BRIEF -> Copy out each line below verbatim, skipping any picture.

PROVIDED MATERIAL ->

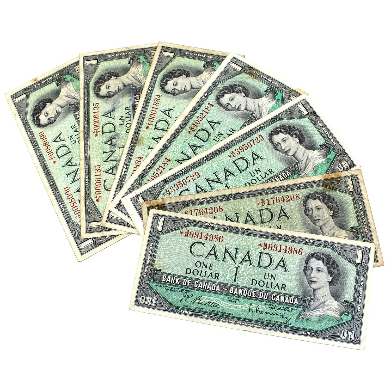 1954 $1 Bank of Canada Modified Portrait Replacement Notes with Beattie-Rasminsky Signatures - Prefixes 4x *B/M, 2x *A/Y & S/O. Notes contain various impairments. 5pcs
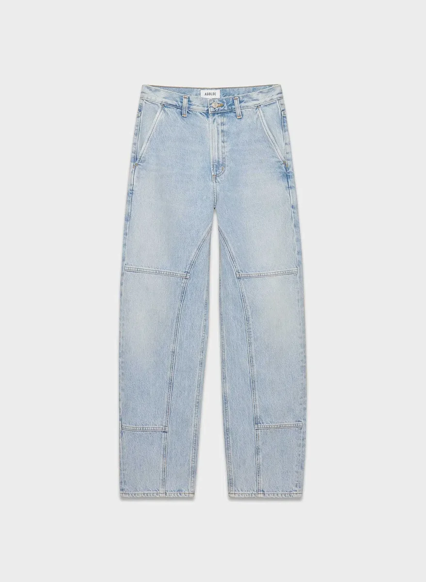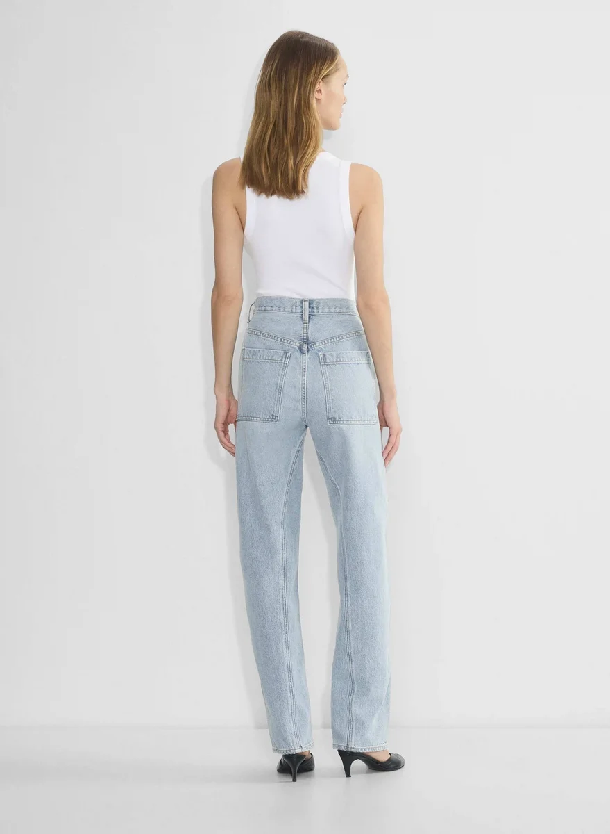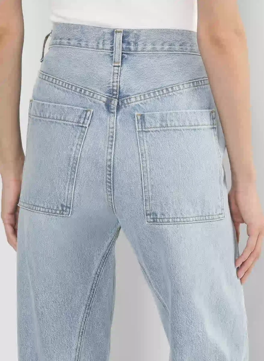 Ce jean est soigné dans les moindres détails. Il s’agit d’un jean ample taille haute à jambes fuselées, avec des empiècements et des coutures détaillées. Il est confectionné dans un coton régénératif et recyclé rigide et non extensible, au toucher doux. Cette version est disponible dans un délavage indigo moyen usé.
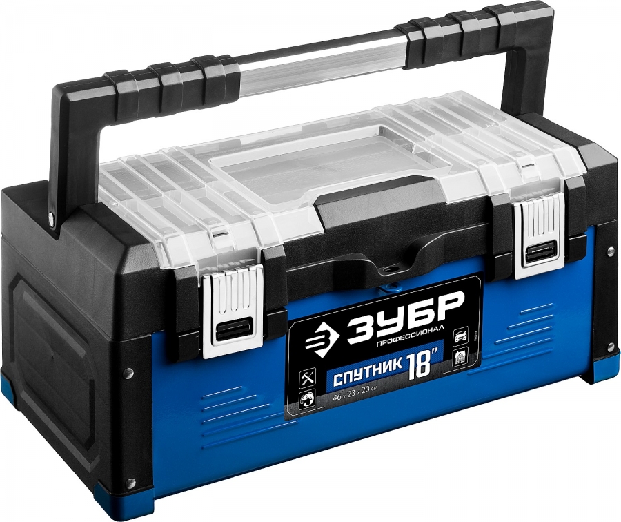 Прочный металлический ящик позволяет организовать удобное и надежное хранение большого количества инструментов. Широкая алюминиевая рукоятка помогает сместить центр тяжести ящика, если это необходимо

RESPONSE TO THIS EXERCISE ->
 1954 $1 Bank of Canada Modified Portrait Replacement Notes with Beattie-Rasminsky Signatures - Prefixes 4x *B/M, 2x *A/Y & S/O. Notes contain various impairments. 5pcs
 Ce jean est soigné dans les moindres détails. Il s’agit d’un jean ample taille haute à jambes fuselées, avec des empiècements et des coutures détaillées. Il est confectionné dans un coton régénératif et recyclé rigide et non extensible, au toucher doux. Cette version est disponible dans un délavage indigo moyen usé.
 Прочный металлический ящик позволяет организовать удобное и надежное хранение большого количества инструментов. Широкая алюминиевая рукоятка помогает сместить центр тяжести ящика, если это необходимо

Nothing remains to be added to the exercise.